--- Problem to work on ---
Set down exactly the lines in the records below that run from the line with "Suéter informal de" to the line with "Bert (Birt) Davis", inclusive, and nothing more.

--- Dataset excerpts ---
###

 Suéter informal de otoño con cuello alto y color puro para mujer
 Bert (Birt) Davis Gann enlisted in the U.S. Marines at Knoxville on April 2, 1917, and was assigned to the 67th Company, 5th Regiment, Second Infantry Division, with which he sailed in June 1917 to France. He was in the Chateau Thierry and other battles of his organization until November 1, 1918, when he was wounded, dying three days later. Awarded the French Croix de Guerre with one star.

###

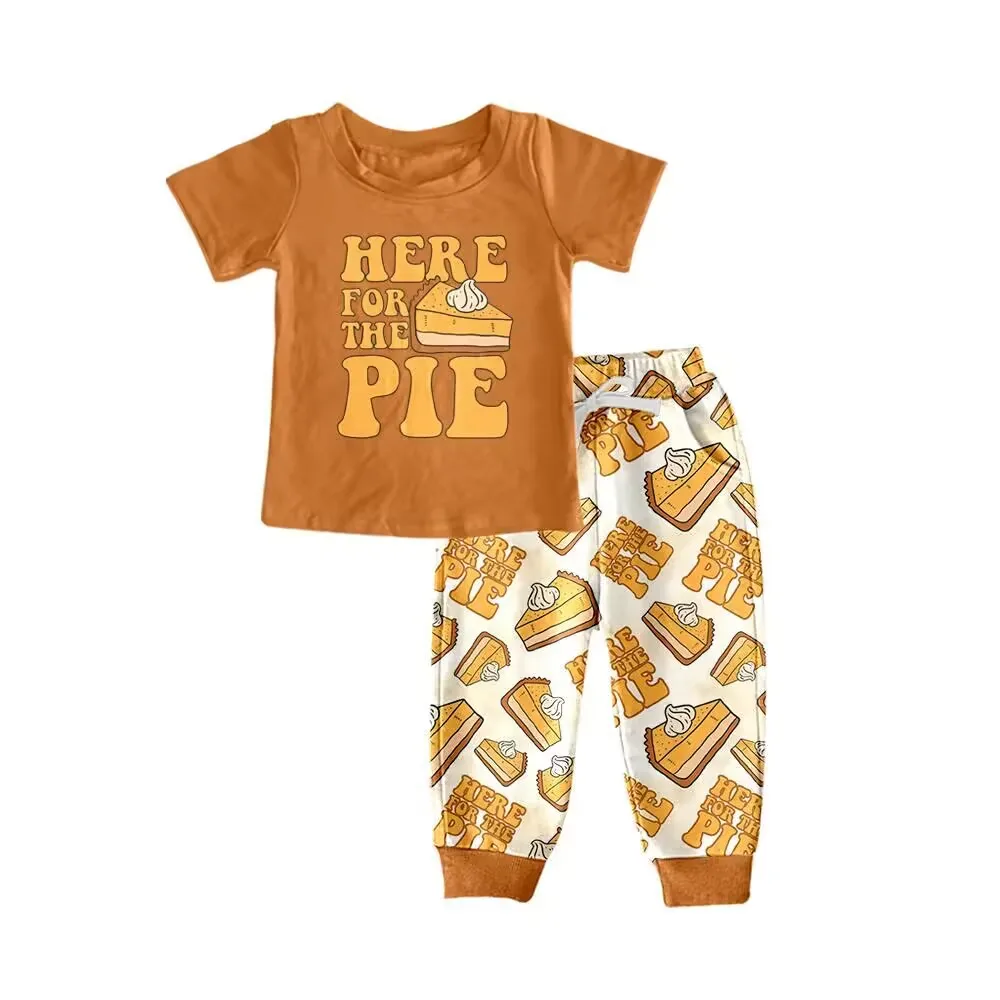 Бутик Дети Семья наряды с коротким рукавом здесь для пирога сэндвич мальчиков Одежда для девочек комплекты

###

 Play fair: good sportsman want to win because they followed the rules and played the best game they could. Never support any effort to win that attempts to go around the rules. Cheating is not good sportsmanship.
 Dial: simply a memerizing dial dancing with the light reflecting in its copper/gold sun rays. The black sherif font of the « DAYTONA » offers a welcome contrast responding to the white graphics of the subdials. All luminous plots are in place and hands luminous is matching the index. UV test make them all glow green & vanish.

###

--- The completed task ---
 Suéter informal de otoño con cuello alto y color puro para mujer
 Bert (Birt) Davis Gann enlisted in the U.S. Marines at Knoxville on April 2, 1917, and was assigned to the 67th Company, 5th Regiment, Second Infantry Division, with which he sailed in June 1917 to France. He was in the Chateau Thierry and other battles of his organization until November 1, 1918, when he was wounded, dying three days later. Awarded the French Croix de Guerre with one star.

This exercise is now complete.